--- RECORDS SHOWN Enclosed Below ---

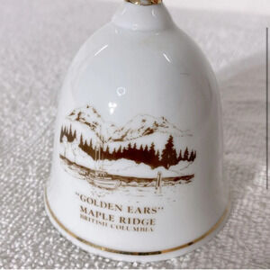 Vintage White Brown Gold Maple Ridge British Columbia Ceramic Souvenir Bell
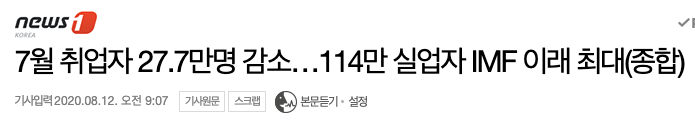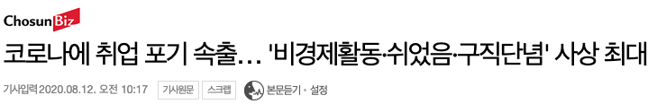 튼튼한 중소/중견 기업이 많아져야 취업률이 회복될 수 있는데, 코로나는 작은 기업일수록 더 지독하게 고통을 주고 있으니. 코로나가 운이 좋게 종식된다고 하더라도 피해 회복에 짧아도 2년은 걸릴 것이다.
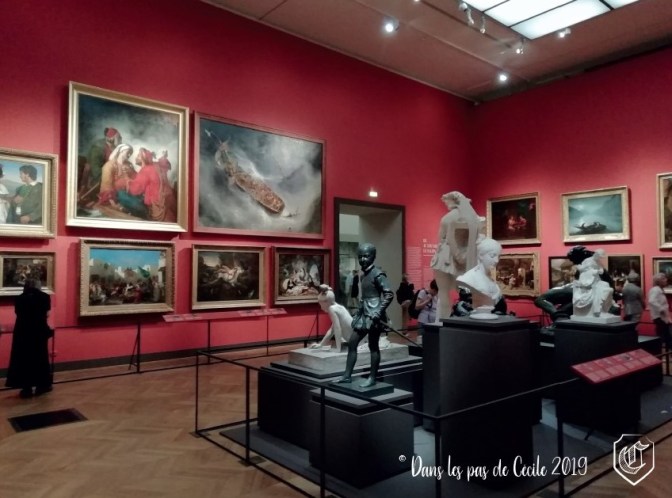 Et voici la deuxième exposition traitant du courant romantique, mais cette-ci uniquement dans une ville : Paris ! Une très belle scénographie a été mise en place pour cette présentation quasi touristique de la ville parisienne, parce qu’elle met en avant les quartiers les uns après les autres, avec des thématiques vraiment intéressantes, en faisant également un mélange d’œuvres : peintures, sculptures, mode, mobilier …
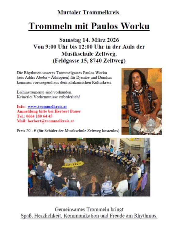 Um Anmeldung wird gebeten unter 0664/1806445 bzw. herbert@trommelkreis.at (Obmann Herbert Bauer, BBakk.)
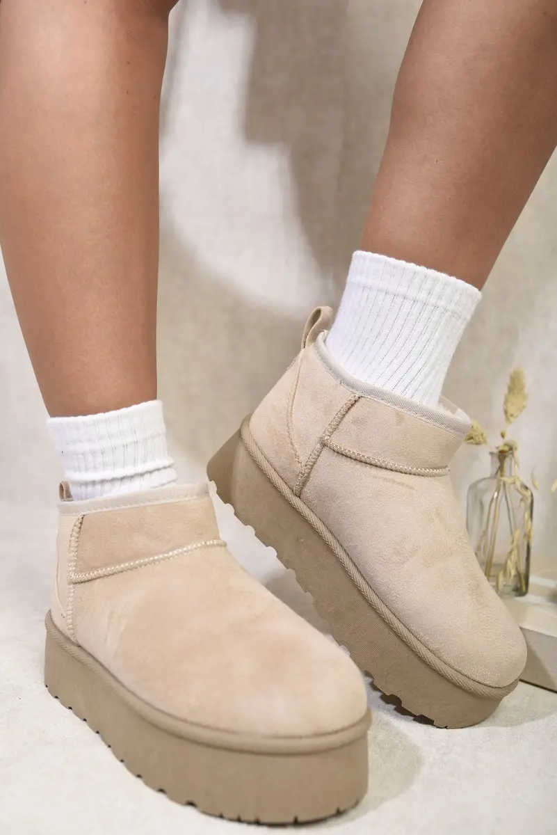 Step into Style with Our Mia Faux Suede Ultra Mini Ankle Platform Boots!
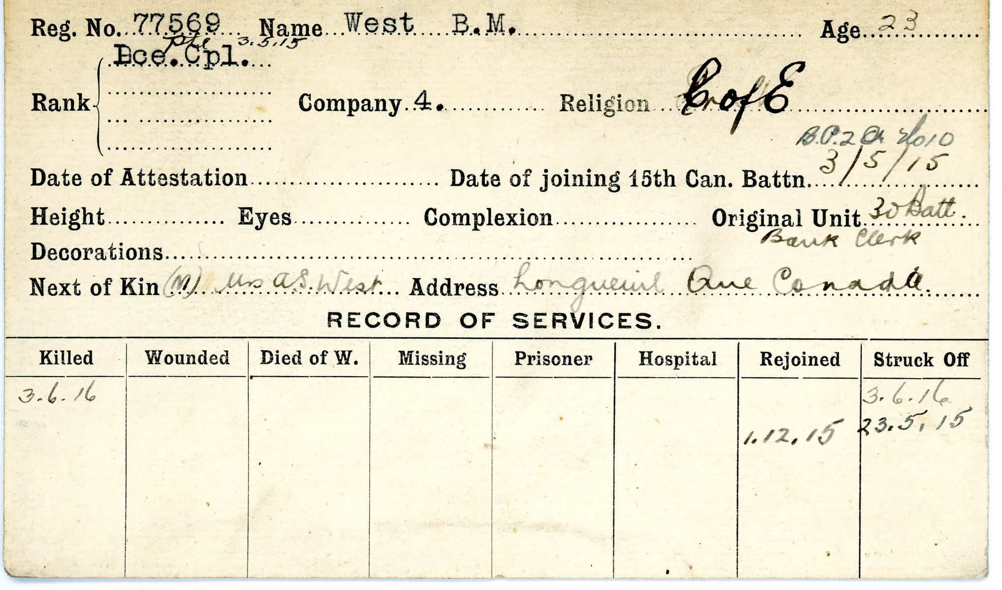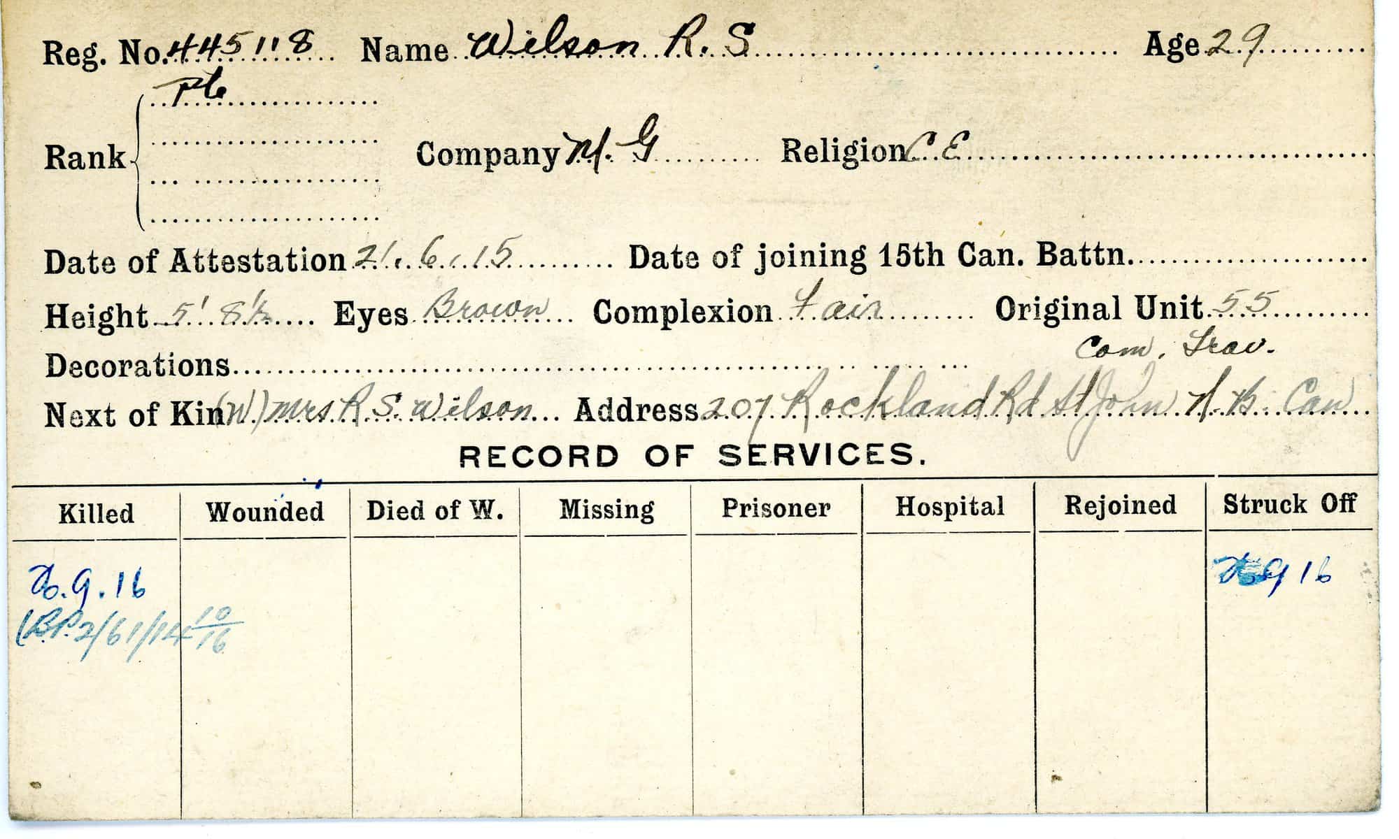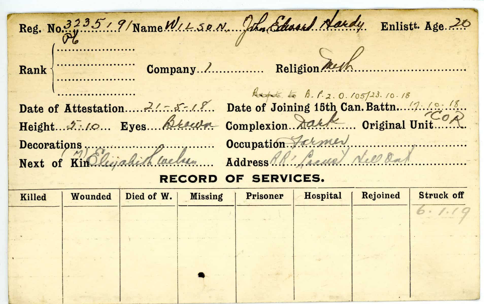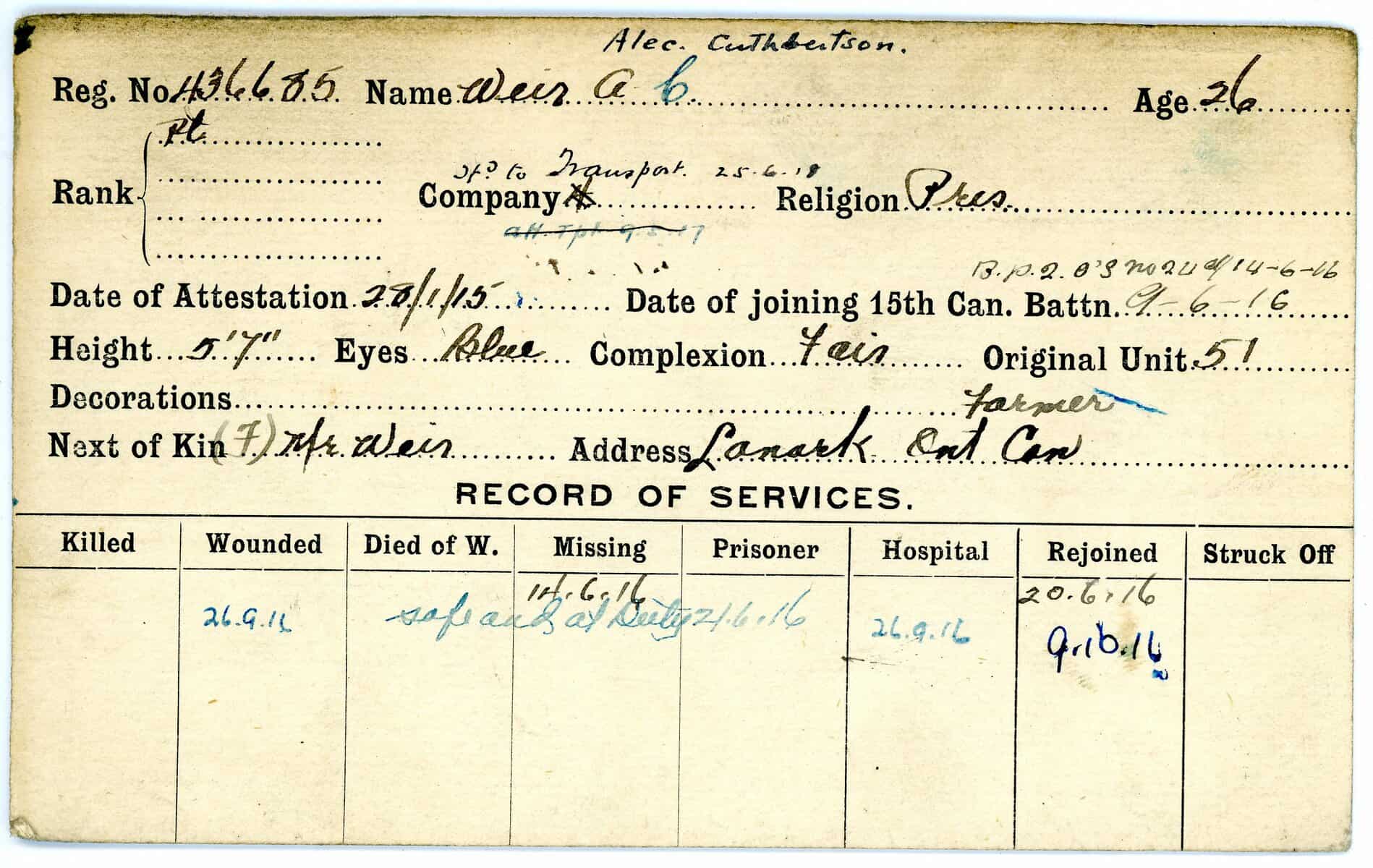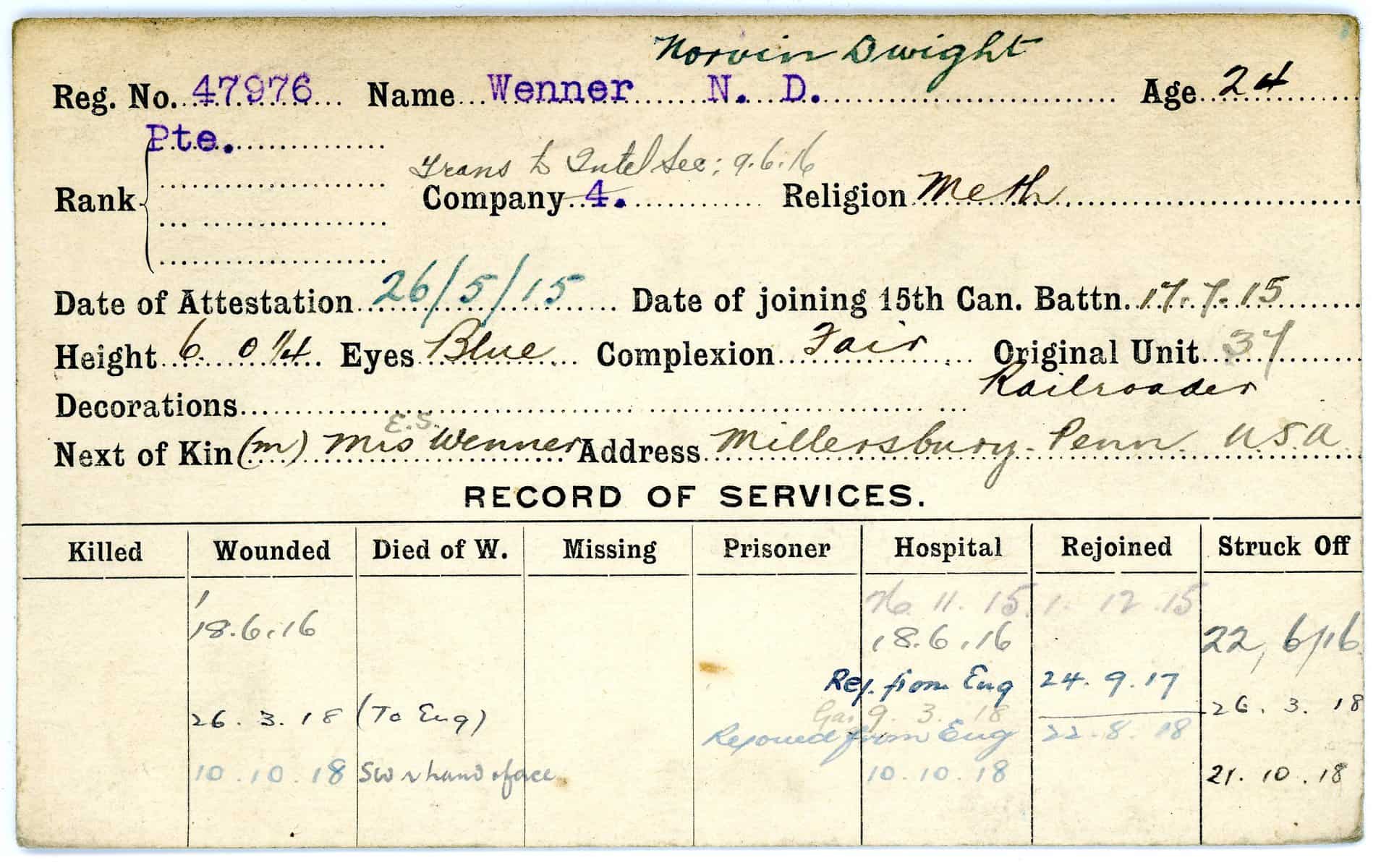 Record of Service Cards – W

--- End of Enclosed RECORDS SHOWN ---

• **DIRECTIONS FOR THIS TASK**
Every line from the top of the records above to the line with "튼튼한 중소/중견 기업이", inclusive, should be duplicated exactly, minus the pictures.

• **WRITTEN ANSWER**
 Vintage White Brown Gold Maple Ridge British Columbia Ceramic Souvenir Bell
 튼튼한 중소/중견 기업이 많아져야 취업률이 회복될 수 있는데, 코로나는 작은 기업일수록 더 지독하게 고통을 주고 있으니. 코로나가 운이 좋게 종식된다고 하더라도 피해 회복에 짧아도 2년은 걸릴 것이다.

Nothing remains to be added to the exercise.